Besinle alınan enerjinin gün boyu harcanan enerjiden fazla olması sonucunda vücudun depo yağlarının, yağsız vücut kitlesine oranla artması ve normal değerlerin üzerine çıkmasına şişmanlık denir.
Şişmanlık; diyabet, koroner kalp hastalıkları, hipertansiyon, karaciğer yağlanması, gut, kanser gibi hastalıkların alt yapısını oluşturur.
Şişmanlığın temelinde; genetik faktörlerin yanında, aşırı gıda alımı, yanlış beslenme alışkanlıkları, fiziksel aktivite yoksunluğu veya azlığı, psikolojik sorunlar yatmaktadır.

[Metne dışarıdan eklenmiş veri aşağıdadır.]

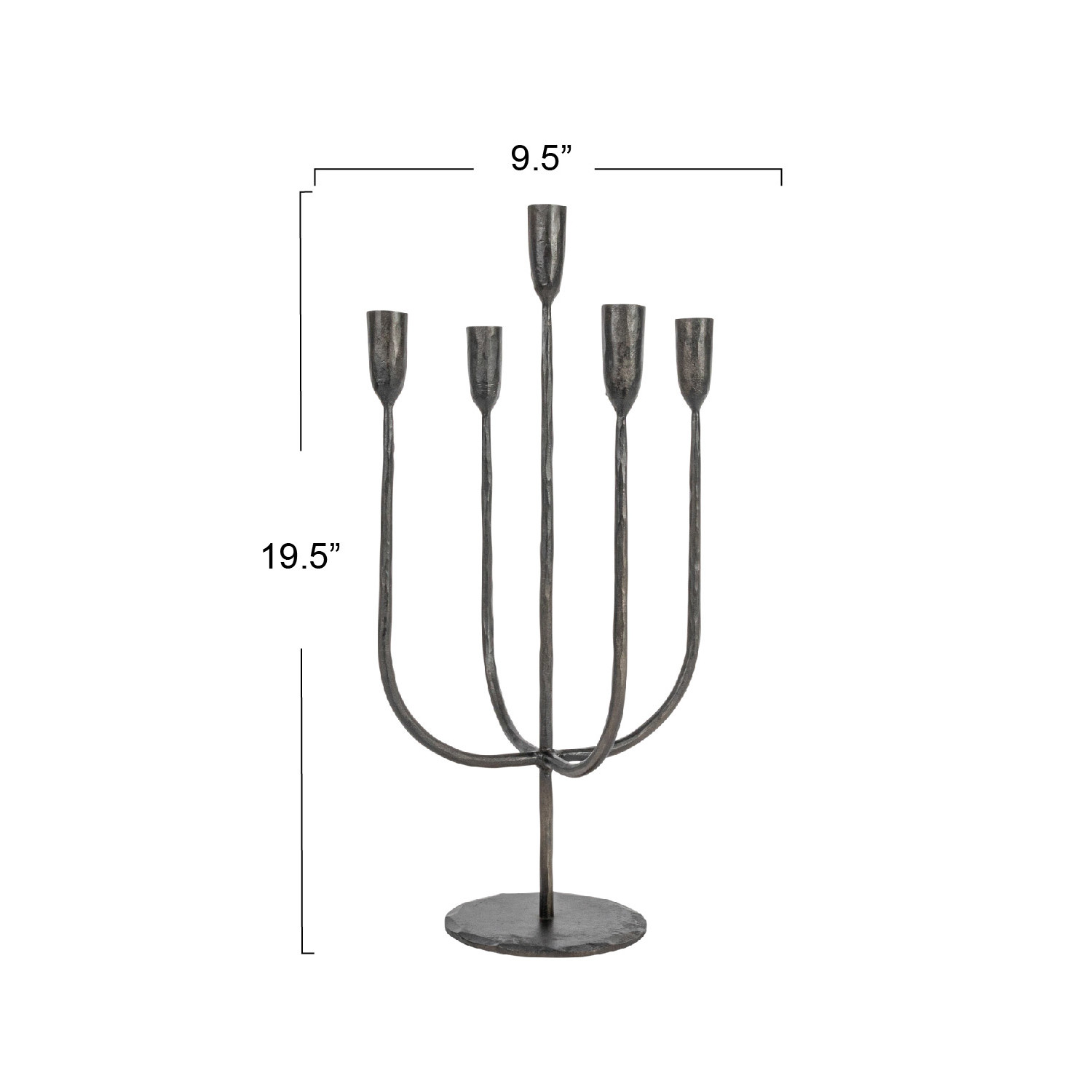 Catalog Name: 9-1/2" Round x 19-1/2"H Hand-Forged Metal Candelabra, Black (Holds 5 Tapers)
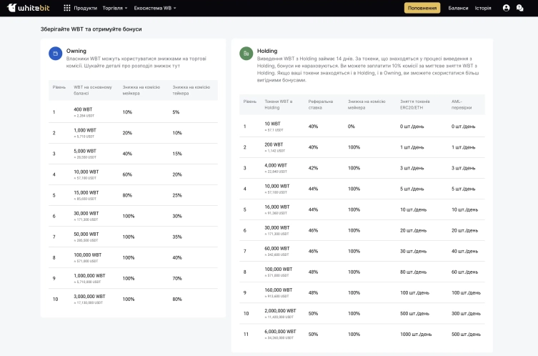 - Возможность участия в акциях и розыгрышах. WhiteBIT регулярно проводит акции и розыгрыши, в которых могут участвовать держатели WBT.
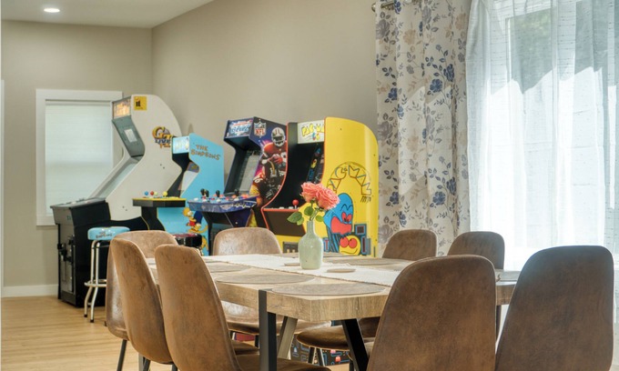 -Game room with classic arcade machines: Pac-Man, Golden Tee, The Simpsons, NFL Blitz

Tedavide başarılı olabilmek için diyet yapılmasının yanı sıra, düzenli egzersiz, davranış tavsiyeleri ve beslenme eğitimi de önemli rol oynamaktadır.
Şişmanlığa sebep olan hatalı davranışlar ;
– Aşırı yemek,
– Çok çeşitli ve fazla miktarda yemek,
– Hızlı yemek,
– Az çiğneyerek çabuk lokmaları yutmak,
– Su içmemek,
– Öğün atlamak,
– Davet ve özellikle iş yemeklerinde fazla yemek,
– Alkolü çok tüketmek,
– Yatma saatine kadar halen yemek yemek,
– Tatlılar ve kızartmalar gibi yüksek kalorili besinleri tercih etmek
– Hamurlu gıdalar, hazır gıdalar tüketmek,
– Hareketsizlik,
– Çalışmamak,
– Güne geç uyanmak, kilo almada kaçınılmaz sonuçları beraberinde getirmektedir.
Kilo vermeye karar verildiğinde, hedeflenen kiloya inmek için kararlı olmak şarttır. Tekrarlanan diyetlerle, kilo alıp vermelerin ardından çevredeki insanların eleştirilerine muhatap olmamak için kendinize verdiğiniz değerin sözü ile hedeflediğiniz kiloya veya doktorunuzun tavsiye ettiği kiloya gelmek için mücadeleden asla vazgeçmeyiniz.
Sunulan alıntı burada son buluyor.